State ex rel. Utilities Commission v. M.L. Hatcher Pickup & Delivery Services, Inc., 47 N.C. App. 418 (1980)

July 1, 1980 · North Carolina Court of Appeals · No. 7910UC750
47 N.C. App. 418

STATE OF NORTH CAROLINA Ex Rel., UTILITIES COMMISSION and CONTRACT TRANSPORTER, INC. v M.L. HATCHER PICKUP & DELIVERY SERVICES, INC.

No. 7910UC750

(Filed 1 July 1980)

1. Carriers § 2.7- contract carrier authority - sufficiency of proof

An applicant for authority to operate as a contract carrier under contract with Reynolds Metal Company to transport metal containers between the Reynolds Plant in Salisbury and warehouses in this State to all intrastate points met its burden under NCUC Rule R2-15(b) of proving (1) that Reynolds has a need for a specific type of service and (3) that such service is not otherwise available by existing means of transportation where there was evidence tending to show that the container industry is very competitive and Reynolds needs a carrier with statewide authority; specialized equipment and a carrier with expertise in handling such equipment are necessary to transport the containers; Reynolds needs a carrier which can dedicate equipment to its exclusive use for extended periods of time; protestant common carrier does not have statewide authority and is thus incapable of furnishing the required service; and the type of dedication of equipment which Reynolds needs is not consistent with the concept of common carriage such that protestant can provide the needed service.
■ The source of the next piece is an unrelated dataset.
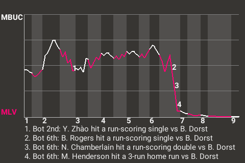 With MSL Echo Park leading 1-0 in the bottom of the fifth, Daye batted against MSL Baltimore pitcher Alonso Rodríguez. Daye hit a fastball to right for a bases-clearing double. His 5th double of the season put the Lakers on top, 4-0.

2. Carriers § 2.7- contract carrier permit - effect on common carrier

The fact that the grant of authority to applicant to operate as a contract carrier for a can manufacturer will result in denying protestant common carrier the future opportunity to transport the manufacturer’s cans does not compel a determination that the grant of such authority will unreasonably impair the efficient service of protestant as a common carrier within the meaning of G.S. 62-262(i).

Appeal by protestant from Final Order of the Utilities Commission in Docket No. T-1672, Sub. 2 entered 10 April 1979. Heard in the Court of Appeals 28 February 1980.

*419This is an appeal from an order of the Utilities Commission approving the application of Contract Transporter, Inc. for contract carrier authority.

On 16 May 1978 Contract Transporter, Inc. (CTI), an authorized motor carrier, filed an application with the Utilities Commission seeking authority to operate as a contract carrier under contract with Reynolds Metal Company to transport metal containers and container ends between the Reynolds Metals Company (Reynolds) can plant near Salisbury, North Carolina, and warehouses in this state to all intrastate points. On 7 June 1978, M.L. Hatcher Pickup and Delivery Services, Inc. (Hatcher) of Greensboro filed a Protest and Motion for Intervention in which it stated that it is an irregular route common carrier of property by motor vehicle operating intrastate under a certificate issued by the Commission, that it is authorized to transport the items referred to in CTI’s application and between the points referred to therein, and that the proposed service does not conform to the definition of a contract carrier under G.S. 62-262(i) and Rule R2-15(b) of the Commission. The Commission granted protestant’s motion for intervention on 16 June 1978.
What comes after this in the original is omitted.